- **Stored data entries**
---+---

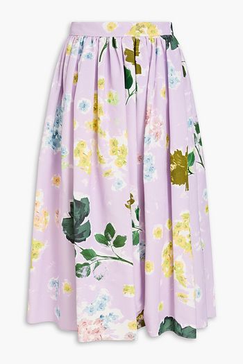 Gathered printed cotton-blend faille midi skirt
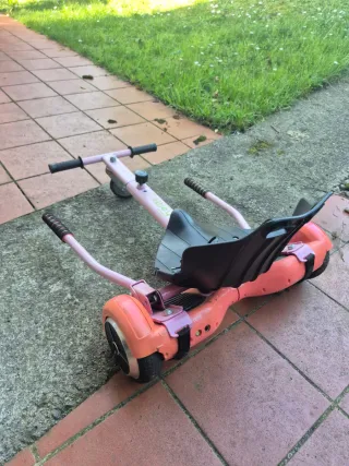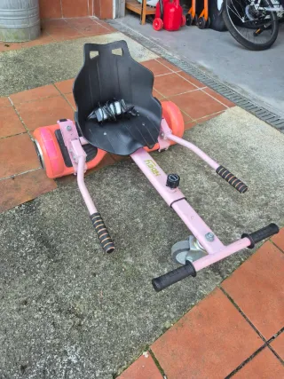 Este accesorio transforma tu hoverboard en un divertido go kart. - Color rosa. - Asiento negro. - Pedalera ajustable. Se regala el Hoverboard pero no funciona, debe ser la bateria, quiza se pueda reparar. No se envia.
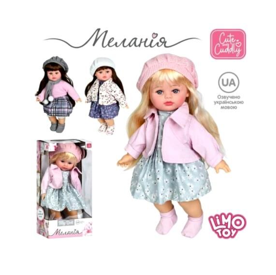 ялька Меланія M 6199 I UA призначена для сюжетно-рольових ігор дітей дошкільного віку. Іграшка має висоту 39 см і виконана з комбінації пластику та текстилю. Тіло м’яконнабивне, кінцівки рухомі, що дозволяє змінювати положення ляльки під час гри. Вона відтворює 5 українських пісень, які активуються за допомогою механізму з живленням від батарейок. Волосся можна розчісувати, що робить гру більш реалістичною. Лялька одягнена у комплект текстильного одягу, включно з сукнею, курткою, шкарпетками та береткою. Модель бренду Limo Toy сприяє розвитку уяви, мовлення та дрібної моторики дитини.
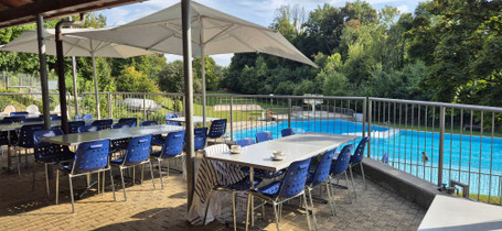 Geniessen Sie die schöne Aussicht auf die Badi-Anlage und lassen Sie sich kulinarisch verwöhnen!
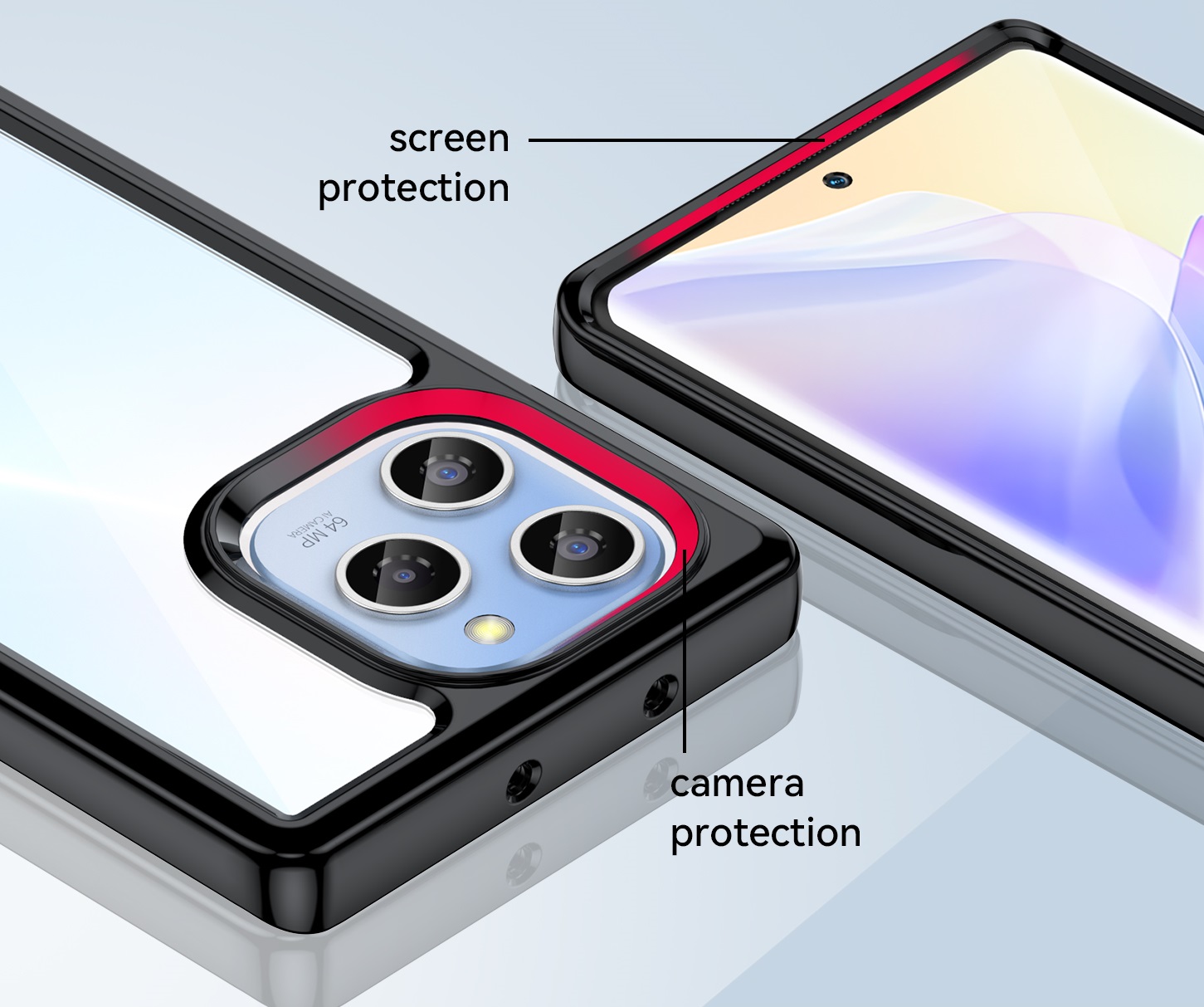 Специальные бортики на чехле приподнимают смартфон, не давая соприкасаться экрану и камере с плоскими поверхностями.
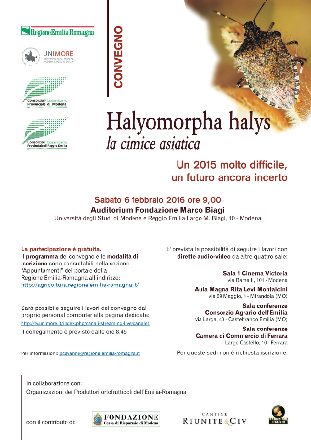 - Il workshop scientifico "Recent trends in H. halys research", che si terrà venerdì 5 febbraio 2016 a Reggio Emilia dalle 14.00 presso la sede del Tecnopolo (situato dietro alla stazione centrale di Reggio Emilia) e prevede anche la partecipazione di Anne Nielsen (Rutgers University, NJ, USA) e Tim Haye (CABI, Svizzera), intende essere un primo momento di confronto sulle più recenti ricerche relative a questo insetto. Chi fosse interessato a partecipare è invitato ad inviare un email a:
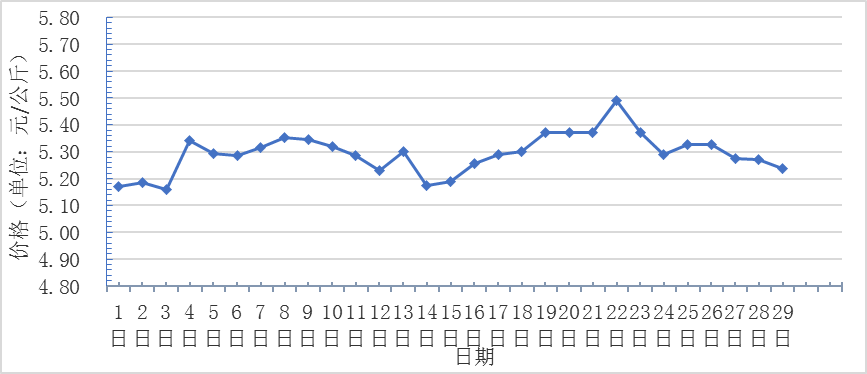 2月,全國重點(diǎn)監(jiān)測農(nóng)產(chǎn)品批發(fā)市場香蕉總交易量達(dá)1.9萬噸,同比下降13.6%,環(huán)比下降20.8%;總交易價(jià)值9969.1萬元,同比下降32.4%,環(huán)比下降51.7%。日平均價(jià)格最高為5.5元/千克,最低為5.2元/千克,全月平均價(jià)格為5.3元/千克,同比下降13.1%,環(huán)比基本持平(每日價(jià)格變化如圖)。
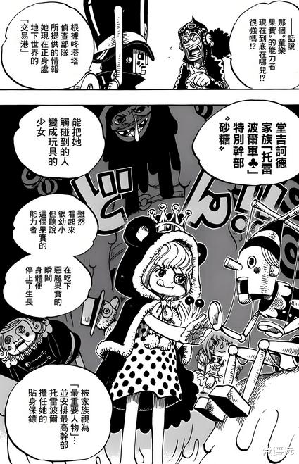 童趣果实的设定十分简单,只要被能力者触碰到,任你武力值再高,也会被变成一个玩具,而且心甘情愿的服从砂糖的操控,同样是制造军团,砂糖的效率可比身为七武海的莫利亚效率要高的多,不过童趣果实也并非完全无解,咱们的大神乌索普,就歪打正着吓晕了砂糖,解救了所有玩具人,被他们奉为神明,悬赏金一跃飙升至2亿贝利。
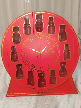 Calendario de Adviento con mini colonias de Mercadona. - Diseño en forma de reloj. - Decoración dorada. - Contiene 12 compartimentos. Esta nuevo sólo un regalo original le compras las colonias por separado y es grande y muy bonito
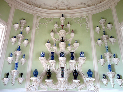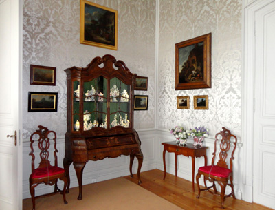Obok tej sali znajduje się Gabinet Porcelanowy, w którym na bogato zdobionych rokokowych konsolach ustawiono w formie trójkątnych piramid kolekcję waz, dzbanów, pucharów, talerzy i innych naczyń z porcelany chińskiej i japońskiej. Galerie pełne obrazów i innych dziel sztuki prowadzą do drugiej wspaniałej, ogromnej sali: Balowej nazywanej też Białą.
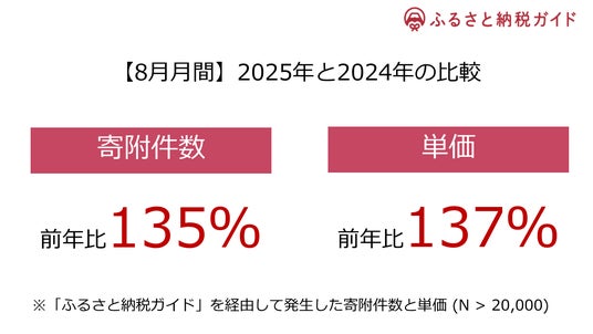 主要23サイトを横断比較できる「ふるさと納税ガイド」は2025年9月末のポイント付与廃止の影響を調べるため、2025年8月の寄付件数と寄附単価の前年比(自社サイト経由)を発表します。
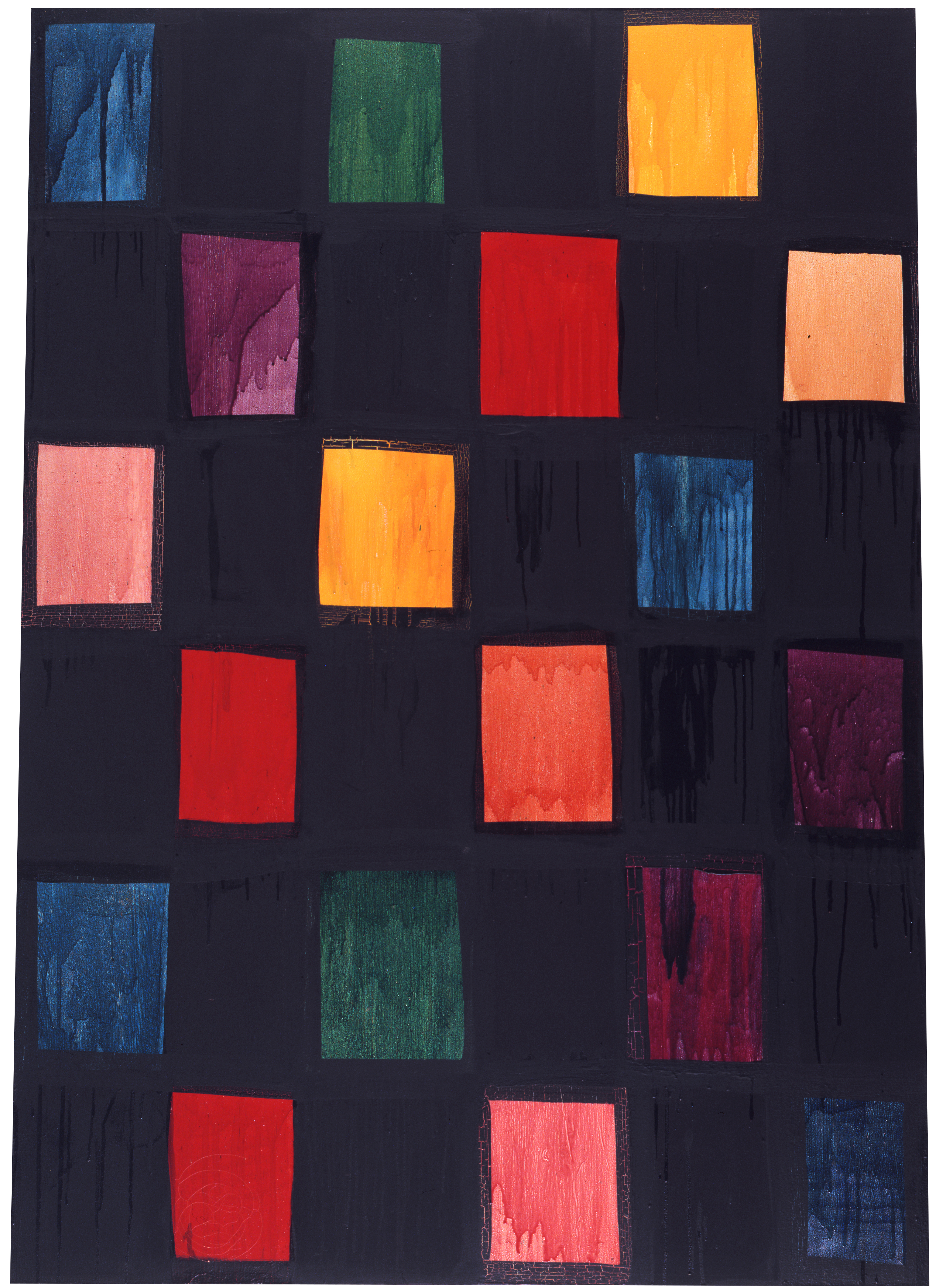 She’s comfortable revising the hidden or overt grid format and recycling compositional devices, fitting forms into the confining, facing surface of the tablet-like supports, but not insisting on geometric perfection or pure relationships. Though common property, she seemed to own rather than borrow the lexicon of formal elements. They looked homemade and were not deployed in any ludic process of appropriation or commentary, references to Matisse and Mondrian being rather half hearted.
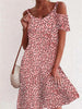 Női retro virágos nyomtatás laza off-váll mini ruha
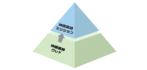 当社の理念体系は、社会の一員として果たすべき役割を示した「神鋼鋼線ミッション」、すべての従業員・役員で共有する価値観と行動を示した「神鋼鋼線クレド」によって構成されます。
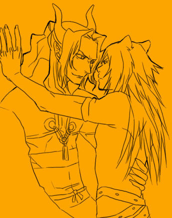 膝の上に乗っかってる雰囲気を描くつもりだったんですが、描きながら「なんだその甘い雰囲気。ちょっと違うだろ」とか思って迷いながら描いたらこんな事に。

---+---

- **YOUR TASK**
What you output must match the data exactly, apart from the pictures, which are left out.

- **EXERCISE SOLUTION**
 Gathered printed cotton-blend faille midi skirt
 Este accesorio transforma tu hoverboard en un divertido go kart. - Color rosa. - Asiento negro. - Pedalera ajustable. Se regala el Hoverboard pero no funciona, debe ser la bateria, quiza se pueda reparar. No se envia.
 ялька Меланія M 6199 I UA призначена для сюжетно-рольових ігор дітей дошкільного віку. Іграшка має висоту 39 см і виконана з комбінації пластику та текстилю. Тіло м’яконнабивне, кінцівки рухомі, що дозволяє змінювати положення ляльки під час гри. Вона відтворює 5 українських пісень, які активуються за допомогою механізму з живленням від батарейок. Волосся можна розчісувати, що робить гру більш реалістичною. Лялька одягнена у комплект текстильного одягу, включно з сукнею, курткою, шкарпетками та береткою. Модель бренду Limo Toy сприяє розвитку уяви, мовлення та дрібної моторики дитини.
 Geniessen Sie die schöne Aussicht auf die Badi-Anlage und lassen Sie sich kulinarisch verwöhnen!
 Специальные бортики на чехле приподнимают смартфон, не давая соприкасаться экрану и камере с плоскими поверхностями.
 - Il workshop scientifico "Recent trends in H. halys research", che si terrà venerdì 5 febbraio 2016 a Reggio Emilia dalle 14.00 presso la sede del Tecnopolo (situato dietro alla stazione centrale di Reggio Emilia) e prevede anche la partecipazione di Anne Nielsen (Rutgers University, NJ, USA) e Tim Haye (CABI, Svizzera), intende essere un primo momento di confronto sulle più recenti ricerche relative a questo insetto. Chi fosse interessato a partecipare è invitato ad inviare un email a:
 2月,全國重點(diǎn)監(jiān)測農(nóng)產(chǎn)品批發(fā)市場香蕉總交易量達(dá)1.9萬噸,同比下降13.6%,環(huán)比下降20.8%;總交易價(jià)值9969.1萬元,同比下降32.4%,環(huán)比下降51.7%。日平均價(jià)格最高為5.5元/千克,最低為5.2元/千克,全月平均價(jià)格為5.3元/千克,同比下降13.1%,環(huán)比基本持平(每日價(jià)格變化如圖)。
 童趣果实的设定十分简单,只要被能力者触碰到,任你武力值再高,也会被变成一个玩具,而且心甘情愿的服从砂糖的操控,同样是制造军团,砂糖的效率可比身为七武海的莫利亚效率要高的多,不过童趣果实也并非完全无解,咱们的大神乌索普,就歪打正着吓晕了砂糖,解救了所有玩具人,被他们奉为神明,悬赏金一跃飙升至2亿贝利。
 Calendario de Adviento con mini colonias de Mercadona. - Diseño en forma de reloj. - Decoración dorada. - Contiene 12 compartimentos. Esta nuevo sólo un regalo original le compras las colonias por separado y es grande y muy bonito
Obok tej sali znajduje się Gabinet Porcelanowy, w którym na bogato zdobionych rokokowych konsolach ustawiono w formie trójkątnych piramid kolekcję waz, dzbanów, pucharów, talerzy i innych naczyń z porcelany chińskiej i japońskiej. Galerie pełne obrazów i innych dziel sztuki prowadzą do drugiej wspaniałej, ogromnej sali: Balowej nazywanej też Białą.
 主要23サイトを横断比較できる「ふるさと納税ガイド」は2025年9月末のポイント付与廃止の影響を調べるため、2025年8月の寄付件数と寄附単価の前年比(自社サイト経由)を発表します。
 She’s comfortable revising the hidden or overt grid format and recycling compositional devices, fitting forms into the confining, facing surface of the tablet-like supports, but not insisting on geometric perfection or pure relationships. Though common property, she seemed to own rather than borrow the lexicon of formal elements. They looked homemade and were not deployed in any ludic process of appropriation or commentary, references to Matisse and Mondrian being rather half hearted.
 Női retro virágos nyomtatás laza off-váll mini ruha
 当社の理念体系は、社会の一員として果たすべき役割を示した「神鋼鋼線ミッション」、すべての従業員・役員で共有する価値観と行動を示した「神鋼鋼線クレド」によって構成されます。
 膝の上に乗っかってる雰囲気を描くつもりだったんですが、描きながら「なんだその甘い雰囲気。ちょっと違うだろ」とか思って迷いながら描いたらこんな事に。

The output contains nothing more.